Dr. David Wang earned his M.D. (1998) and Ph.D. (2001) from Tongji Medical College, Huazhong University of Science and Technology, Wuhan, China, where he studied the function of purinergic receptors in the peripheral nerve regeneration. He received his postdoctoral training at the National Institute of Environmental Health Science (NIEHS), studying the role of microglial activation in the pathogenesis of Parkinson’s disease (PD) and inhibition of microglial activation using natural herb derivatives as therapies for PD.

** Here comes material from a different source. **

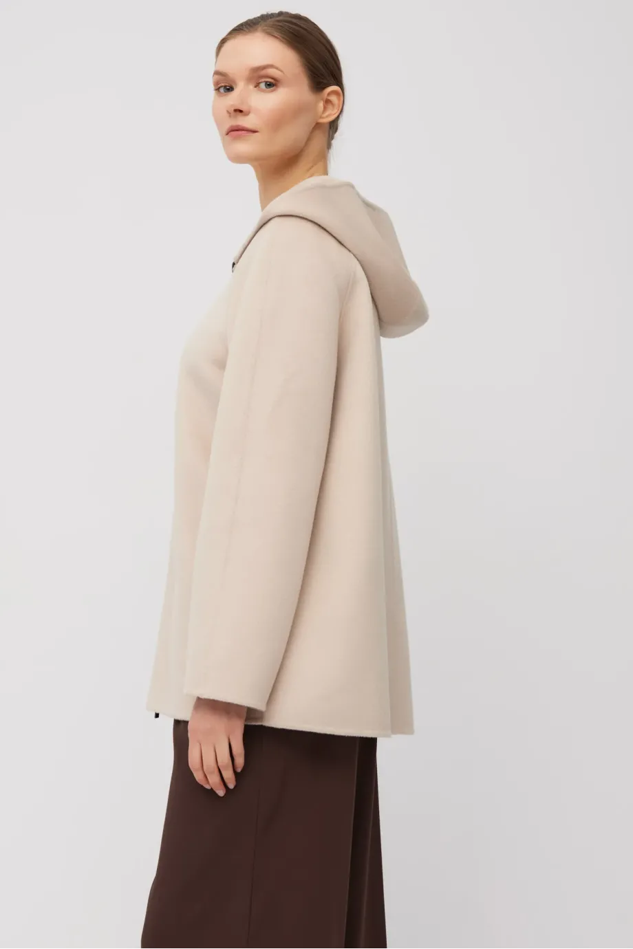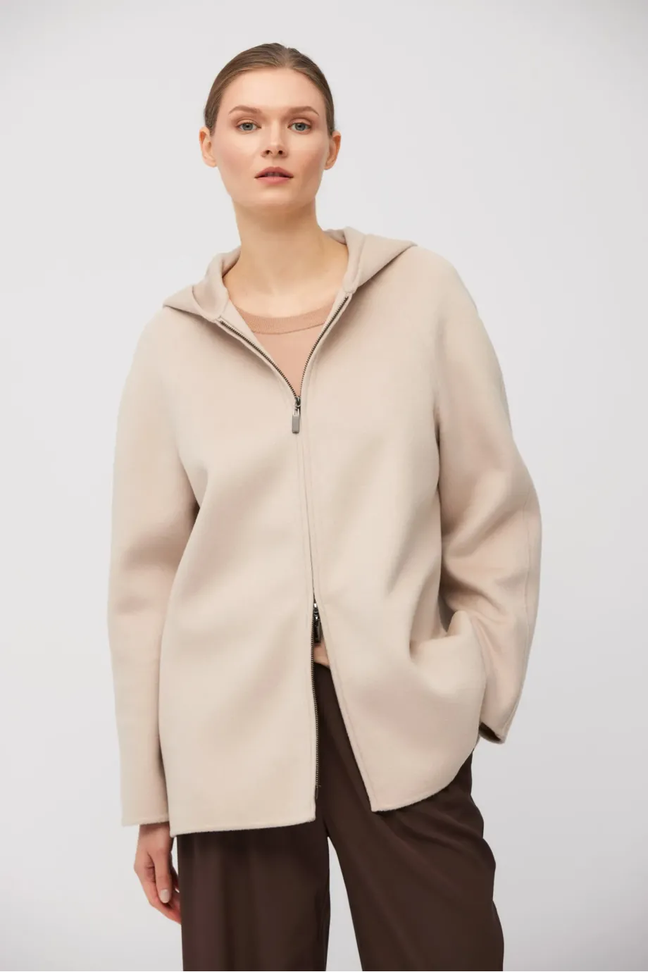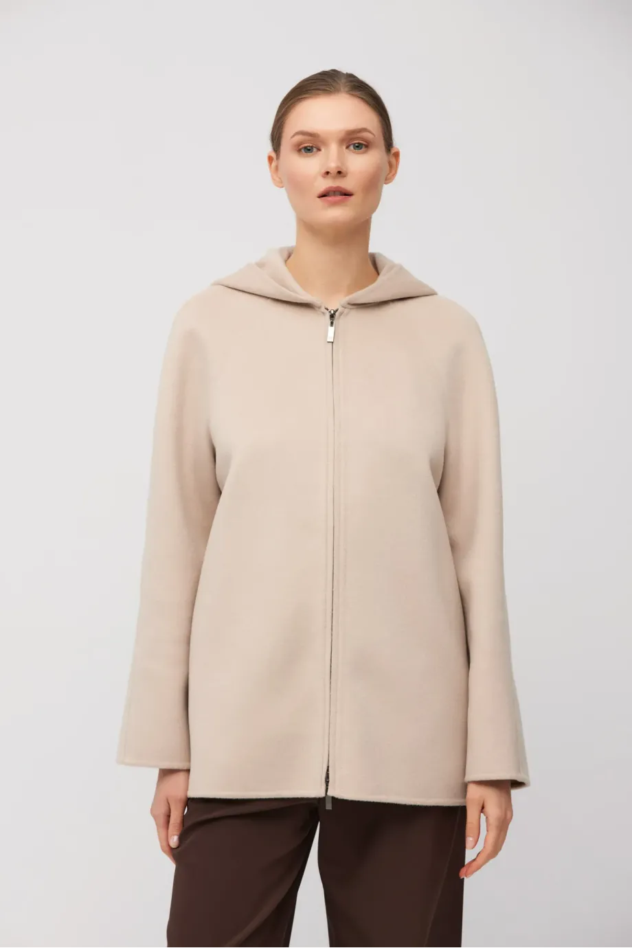 Lekka, niepodszewkowana kurtka o prostej, luźnej formie. Tkanina doubleface – mieszanka wełny i jedwabiu. Model z kapturem i dwubiegunowym metalowym suwakiem. Kolor beżowy.

As a Research Associate in the Johns Hopkins University School of Medicine, Dr. Wang further pursued the role of inflammation in neurological disorders by delineating that granzyme B, released from activated T-cells, inhibits neuronal differentiation of neural stem cells and causes neurotoxicity by activating PAR-1 receptor and Notch-1. Dr. Wang joined NINDS in 2011 as the lead scientist in Neural Differentiation Unit, Translational Neuroscience Center, directed by NINDS Clinical Director, Dr. Avindra Nath. In consultation with Dr. Nath, Dr. Wang helps develop 2D and 3D neural differentiation models using iPSCs and induced neural stem cells derived from minimum patient blood samples to study the mechanism of neural development and the pathogenesis of neural disorders, especially on delineating the genetic and epigenetic modifications leading to motor neuron degeneration.
Genetic background, epigenetic modifications and environmental factors all participate in neural degeneration in central nervous system. Retrovirus infection plays a crucial role in human evolution by transmitting genetic information among species. The inheritable incorporation of retrovirus sequences in human genome resulted in human endogenous retrovirus (HERV), which inhibition and reactivation mingles with neuronal development as well as neurodegeneration. Using 2D and 3D neuronal differentiation models, Dr. Wang studies the role of HERV-K in human neural development and in the pathogenesis of human motor neurons and how epigenetic modifications of DNA mediate the function of HERV-K. He is also interested in differentiating the roles of glial, endothelial and neuronal cells in neurodegeneration.
In Neural Differentiation Unit (NDU), they use minimum amount of blood samples from patients to derive induced pluripotent cells (iPSC) and induced neural stem cells (iNSC). 2D and 3D neural organoid cultures are further developed using the induced stem cells. By using these in vitro models, they investigate the genetic and epigenetic mechanisms of neural development as well as the pathogenesis of neurodegenerative disorders such as ALS and PLS. The unit also provides protocols and trainings to other investigators to derive iPSC and iNSC from patient blood sample or fibroblasts, to differentiate cortical and motor neurons from iPSC and iNSC and to develop 3D brain organoids consisting neuronal, glial and endothelial cells.